The European Medicines Agency (EMA) recommended 17 drugs with orphan product designation for approval in 2014, the most ever in a single year.
This is much higher than the average of 6.75 per year between 2010 and 2013 and is a significant increase from 2013, when EMA recommended 11 products with orphan designation for approval.
Background: Orphan Designation
Orphan product designation was first introduced in the EU in 2000 under Regulation (EC) No 141/2000. The regulation established the procedure for orphan product designation, detailed incentives for products granted orphan designation and formed the Committee for Orphan Medicinal Products (COMP) which is charged with reviewing applications for the designation.
Since 2000, the European Commission adopted several guideline documents and communications clarifying issues related to the agency’s interpretation of the regulations, assessing similarity of medicinal products and reviewing market exclusivity.
EMA provides certain benefits and incentives to sponsors whose products qualify for orphan designation.
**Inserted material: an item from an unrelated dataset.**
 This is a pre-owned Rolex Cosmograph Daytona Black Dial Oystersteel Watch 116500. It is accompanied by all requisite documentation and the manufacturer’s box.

In order to gain orphan designation in the EU, a medicine must satisfy several conditions.
- The medicine must treat, prevent or diagnose a life-threatening or chronically debilitating condition.
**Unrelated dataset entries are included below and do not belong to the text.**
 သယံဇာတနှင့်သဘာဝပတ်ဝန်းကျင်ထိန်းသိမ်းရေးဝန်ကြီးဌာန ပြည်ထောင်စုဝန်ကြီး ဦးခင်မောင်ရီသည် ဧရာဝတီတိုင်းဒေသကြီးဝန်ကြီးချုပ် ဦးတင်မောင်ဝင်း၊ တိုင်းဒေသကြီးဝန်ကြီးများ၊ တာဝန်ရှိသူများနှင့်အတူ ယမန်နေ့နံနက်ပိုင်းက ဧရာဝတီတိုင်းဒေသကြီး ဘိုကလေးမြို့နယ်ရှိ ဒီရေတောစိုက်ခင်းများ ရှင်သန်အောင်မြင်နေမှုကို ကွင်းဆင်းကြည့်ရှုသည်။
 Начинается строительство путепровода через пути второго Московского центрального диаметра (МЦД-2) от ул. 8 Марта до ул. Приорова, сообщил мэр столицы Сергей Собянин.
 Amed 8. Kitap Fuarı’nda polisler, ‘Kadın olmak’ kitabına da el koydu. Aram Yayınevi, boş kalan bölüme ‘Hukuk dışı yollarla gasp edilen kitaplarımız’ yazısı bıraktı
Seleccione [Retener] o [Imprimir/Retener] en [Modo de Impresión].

- The condition must affect fewer than 5 in 10,000 people in the EU. Alternatively, if a condition affects more than 5 in 10,000 people in the EU it may still be considered for orphan designation if it is “unlikely that marketing of the medicine would generate sufficient returns to justify the investment needed for its development.”
- Finally, for a treatment to qualify for orphan designation there must be no existing approved treatments for the indicated condition, or if there are, the product in question must offer significant improvements over the other options.
A Big Year for Orphans in the EU
Among the 17 orphan products recommended by EMA for approval are several firsts, including the first treatment for Duchenne muscular dystrophy, Translarna, and erythropoietic protoporphyria (Scenesse). Another product, Holoclar, which treats limbal stem cell deficiency, is the first ever treatment based on stem cells to be recommended for approval.
In addition to their orphan product designation, these three products also used special regulatory pathways to speed their assessments. Holoclar and Translarna were both given a conditional marketing authorization, while Scenesse was granted approval under exceptional circumstances.
Not all drugs recommended for approval were ultimately approved. Of the 17 orphan products recommended for approval, Vynfinit, along with its companion diagnostics Folcepri and Neocepri, were withdrawn by their sponsor before being authorized by the European Commission (EC) after preliminary data from an ongoing study was unable to show Vynfinit’s benefit to patients with ovarian cancer.
How Orphan Designation Works
There are two primary benefits given to sponsors of orphan products.
Sponsors of orphan products can receive scientific advice and protocol assistance from EMA. Scientific advice is a type of prospective (and not legally binding) advice where the agency can advise a company on the “appropriate tests and studies” to conduct during a medicine’s development. Protocol assistance is given to sponsors of orphan products to answer questions related to demonstrating if their product offers significant benefit over other available treatments. Protocol assistance can also be given to assess similarity to other orphan products with the same indication.
The other primary benefit gained from orphan product designation is market exclusivity for a period of 10 years. To receive market exclusivity, sponsors are required to submit an application supporting the maintenance of their product’s orphan designation. Market exclusivity can be given for each specific orphan designation a product carries. This means that a product with multiple orphan designations for different conditions could have separate market exclusivity for the different conditions. If a sponsor complies with a paediatric investigation plan (PIP) the period of market exclusivity for an orphan product can be increased by two years.
If, at the end of an orphan product’s fifth year on the market, the product can be shown to be sufficiently profitable, the period of market exclusivity can be reduced to six years.
Additionally, products with orphan designation can receive fee reductions for certain activities or services, with the amount of the reduction varying based on the product’s indication and sponsor’s status as a micro, small or medium-sized enterprise (SME).
Trends in the Industry
EMA wasn’t the only agency to have a record year for orphan drugs. The US Food and Drug Administration (FDA) approved 15 treatments for rare diseases in 2014 (37% of all drugs approved), two more than its previous record of 13 in 2012. The uptick in products approved to treat rare diseases is part of a growing trend in the pharmaceuticals industry to target rare diseases where incentives from orphan drug initiatives and high potential treatment prices offset the effect of a smaller patient population.